The world's first robotic telescope is beginning to scan thousands of exoplanet systems in record time. This is expected to throw light on how planets are formed and provide insight into any existing extra-terrestrial life.
Combining speed and image quality, the Robo-AO attached to the Palomar 1.5-meter telescope, has already made over 13,000 observations. The first Robo-AO survey, covering 715 exoplanet hosts, is the single largest scientific adaptive optics survey ever.
The images have a resolution approaching those of the Hubble Space Telescope, which operates in orbit above the earth's atmosphere.
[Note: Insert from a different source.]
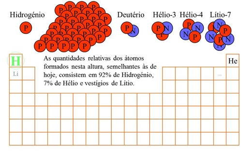 A Nucleossíntese Primordial Pelo centésimo segundo, já um universo semelhante ao nosso estava formado, contudo, consistia ainda em nucleões isolados. Foi apenas aos 108K que a energia ambiente desceu o suficiente para que os neutrões e protões pudessem dar origem a núcleos ao se associarem de várias formas. Há que salientar, no entanto, que o número de protões, sendo várias vezes maior do que o de neutrões, fez com que muitos protões se mantivessem isolados para mais tarde darem origem ao hidrogénio, bastante abundante. Para além disso, os núcleos de deutério, hélio-3, hélio-4 e lítio-7 são formados nesta fase.

The international Robo-AO team, led by Dr. Christoph Baranec of the University of Hawaii at Manoa's Institute for Astronomy, is extending the survey to image each and every one of the 4,000 potential exoplanets discovered by Nasa's Kepler mission to validate if they are indeed planets or not.
While Kepler, which orbits the sun has its advantages, the image quality is not as good as what Robo-AO delivers, say the scientists.
Robo-AO is also looking at binary star systems where each star has a planetary system of its own. "We're finding that 'hot Jupiters' are almost three times more likely to be found in wide binary star systems than other exoplanets, shedding light on how these exotic objects formed," said Prof. Nicholas Law (University of North Carolina at Chapel Hill's College of Arts and Sciences), Robo-AO's project scientist and lead author in the Astrophysical Journal paper.
The results of attaching the Robo unit to the hundreds of 1-3 m telescope scattered across the globe can be stupendous in terms of data generated.
Baranec, Robo-AO's principal investigator and lead author of the Astrophysical Journal Letter, led the development of the innovative Robo-AO system on the Palomar 1.5-meter telescope.
While adaptive laser optics has been around for some time, the automated version speedens up the process. Existing optics needs around 10 minutes to lock onto one target where the Robo brings that time down to one minute.
The other issue of taking images from ground is the blurring caused by the atmosphere. Using the laser, the team looked at the effect of turbulence on images. This was cancelled out by using a deformable mirror and manipulating the image accordingly.